Moses Itauma keeps steamrolling heavyweights, but this next one isn’t some easy night. Jermaine Franklin, the same Michigan tough guy who went the distance with Anthony Joshua and Dillian Whyte, is rolling into Manchester on January 24 convinced he’s the first man who can drag the 20-year-old out of that early-round comfort zone and make him feel the real heavyweight grind.
Itauma flattened Whyte in a round in August in Riyadh. That’s the kind of result that gets people carried away. But Franklin isn’t impressed, and he’s been studying the kid with bad intentions. Speaking to Sky Sports, the American made it clear he’s not here to make up numbers.
“I try to see what he can do well and what he doesn’t do well, and then I use my experience to be able to trap him in place or capitalise when he makes those mistakes,” Franklin said.
He wants to drag Itauma into deep water, the part of a fight where a young heavyweight’s lungs and nerves start begging for answers. “When you’re going hard for five or six rounds and then you’ve got to go another five or six rounds, your body starts to wear down… it can play mental games on you.”
Can Itauma handle a real heavyweight grind?
Franklin didn’t stop there.

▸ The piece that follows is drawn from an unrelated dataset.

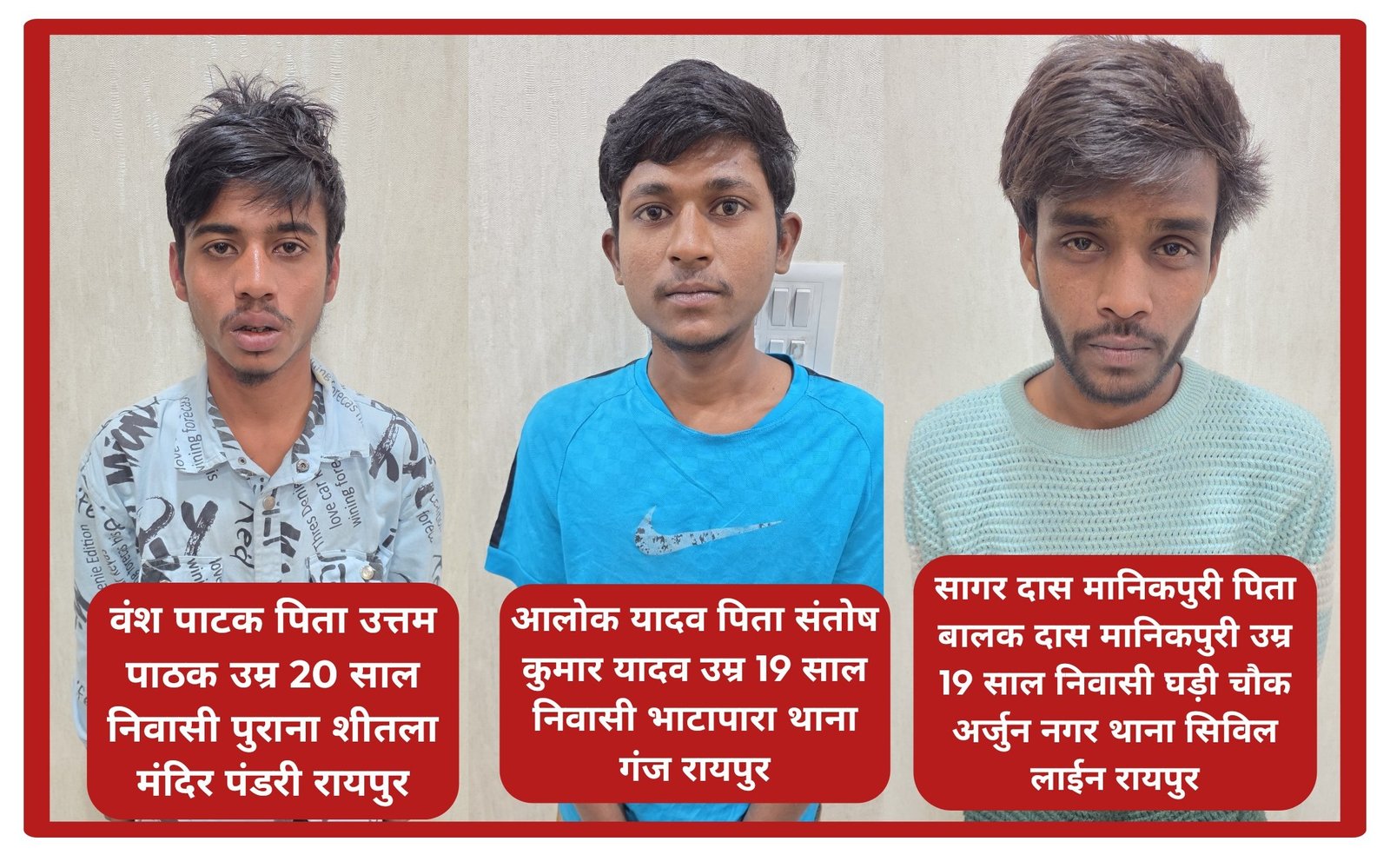 1. वंश पाठक (20 वर्ष) – निवासी शीतला मंदिर, पंडरी (मुख्य आरोपी)।

He warned that the real shock for the young phenom comes when the leather starts flying late. “It’s not going to affect him too much until he starts getting hit… Once you don’t have the same energy, your body kind of reacts differently.”
Then came the line that’ll fuel this whole build-up: “I’m going to be the only tough opponent he’s actually had. You guys are going to see me beat up on him.”
For Itauma, this is the one that answers the question everyone’s asking: Is he real, or just running hot off early KOs? Franklin says he’s ready to expose him. The kid says he’s ready to steam through another name. Someone’s story gets broken on January 24.